Items from a dataset:
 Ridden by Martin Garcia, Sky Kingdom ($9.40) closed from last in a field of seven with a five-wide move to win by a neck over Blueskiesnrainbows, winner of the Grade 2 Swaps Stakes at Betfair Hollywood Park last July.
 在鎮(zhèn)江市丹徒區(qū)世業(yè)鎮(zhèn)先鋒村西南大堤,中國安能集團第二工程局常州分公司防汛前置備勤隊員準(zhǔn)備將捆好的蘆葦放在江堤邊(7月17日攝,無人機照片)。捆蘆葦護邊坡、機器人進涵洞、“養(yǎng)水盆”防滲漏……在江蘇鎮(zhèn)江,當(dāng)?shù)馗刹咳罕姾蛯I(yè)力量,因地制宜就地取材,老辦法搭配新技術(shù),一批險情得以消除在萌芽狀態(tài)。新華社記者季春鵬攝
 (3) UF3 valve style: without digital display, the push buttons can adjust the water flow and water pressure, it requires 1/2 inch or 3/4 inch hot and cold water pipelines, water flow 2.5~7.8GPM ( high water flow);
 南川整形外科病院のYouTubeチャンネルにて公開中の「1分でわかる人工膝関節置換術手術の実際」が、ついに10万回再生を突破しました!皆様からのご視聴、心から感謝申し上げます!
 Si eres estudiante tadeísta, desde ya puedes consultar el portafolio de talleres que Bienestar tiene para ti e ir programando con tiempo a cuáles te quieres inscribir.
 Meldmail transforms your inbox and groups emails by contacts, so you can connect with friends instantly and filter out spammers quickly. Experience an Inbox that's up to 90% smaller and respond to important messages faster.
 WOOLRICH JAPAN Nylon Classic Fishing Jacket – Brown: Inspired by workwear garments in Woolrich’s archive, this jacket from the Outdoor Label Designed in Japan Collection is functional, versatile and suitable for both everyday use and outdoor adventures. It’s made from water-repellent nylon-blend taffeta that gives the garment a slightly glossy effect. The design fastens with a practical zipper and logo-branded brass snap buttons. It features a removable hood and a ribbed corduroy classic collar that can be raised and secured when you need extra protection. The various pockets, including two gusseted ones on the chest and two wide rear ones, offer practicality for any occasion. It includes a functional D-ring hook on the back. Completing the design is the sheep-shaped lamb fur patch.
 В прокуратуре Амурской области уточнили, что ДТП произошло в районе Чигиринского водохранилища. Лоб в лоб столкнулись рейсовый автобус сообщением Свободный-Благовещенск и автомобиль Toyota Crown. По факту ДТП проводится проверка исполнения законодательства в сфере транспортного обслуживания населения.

### TASK TO CARRY OUT
Every entry must be given again exactly as it reads.

### RESPONSE TO THE EXERCISE
 Ridden by Martin Garcia, Sky Kingdom ($9.40) closed from last in a field of seven with a five-wide move to win by a neck over Blueskiesnrainbows, winner of the Grade 2 Swaps Stakes at Betfair Hollywood Park last July.
 在鎮(zhèn)江市丹徒區(qū)世業(yè)鎮(zhèn)先鋒村西南大堤,中國安能集團第二工程局常州分公司防汛前置備勤隊員準(zhǔn)備將捆好的蘆葦放在江堤邊(7月17日攝,無人機照片)。捆蘆葦護邊坡、機器人進涵洞、“養(yǎng)水盆”防滲漏……在江蘇鎮(zhèn)江,當(dāng)?shù)馗刹咳罕姾蛯I(yè)力量,因地制宜就地取材,老辦法搭配新技術(shù),一批險情得以消除在萌芽狀態(tài)。新華社記者季春鵬攝
 (3) UF3 valve style: without digital display, the push buttons can adjust the water flow and water pressure, it requires 1/2 inch or 3/4 inch hot and cold water pipelines, water flow 2.5~7.8GPM ( high water flow);
 南川整形外科病院のYouTubeチャンネルにて公開中の「1分でわかる人工膝関節置換術手術の実際」が、ついに10万回再生を突破しました!皆様からのご視聴、心から感謝申し上げます!
 Si eres estudiante tadeísta, desde ya puedes consultar el portafolio de talleres que Bienestar tiene para ti e ir programando con tiempo a cuáles te quieres inscribir.
 Meldmail transforms your inbox and groups emails by contacts, so you can connect with friends instantly and filter out spammers quickly. Experience an Inbox that's up to 90% smaller and respond to important messages faster.
 WOOLRICH JAPAN Nylon Classic Fishing Jacket – Brown: Inspired by workwear garments in Woolrich’s archive, this jacket from the Outdoor Label Designed in Japan Collection is functional, versatile and suitable for both everyday use and outdoor adventures. It’s made from water-repellent nylon-blend taffeta that gives the garment a slightly glossy effect. The design fastens with a practical zipper and logo-branded brass snap buttons. It features a removable hood and a ribbed corduroy classic collar that can be raised and secured when you need extra protection. The various pockets, including two gusseted ones on the chest and two wide rear ones, offer practicality for any occasion. It includes a functional D-ring hook on the back. Completing the design is the sheep-shaped lamb fur patch.
 В прокуратуре Амурской области уточнили, что ДТП произошло в районе Чигиринского водохранилища. Лоб в лоб столкнулись рейсовый автобус сообщением Свободный-Благовещенск и автомобиль Toyota Crown. По факту ДТП проводится проверка исполнения законодательства в сфере транспортного обслуживания населения.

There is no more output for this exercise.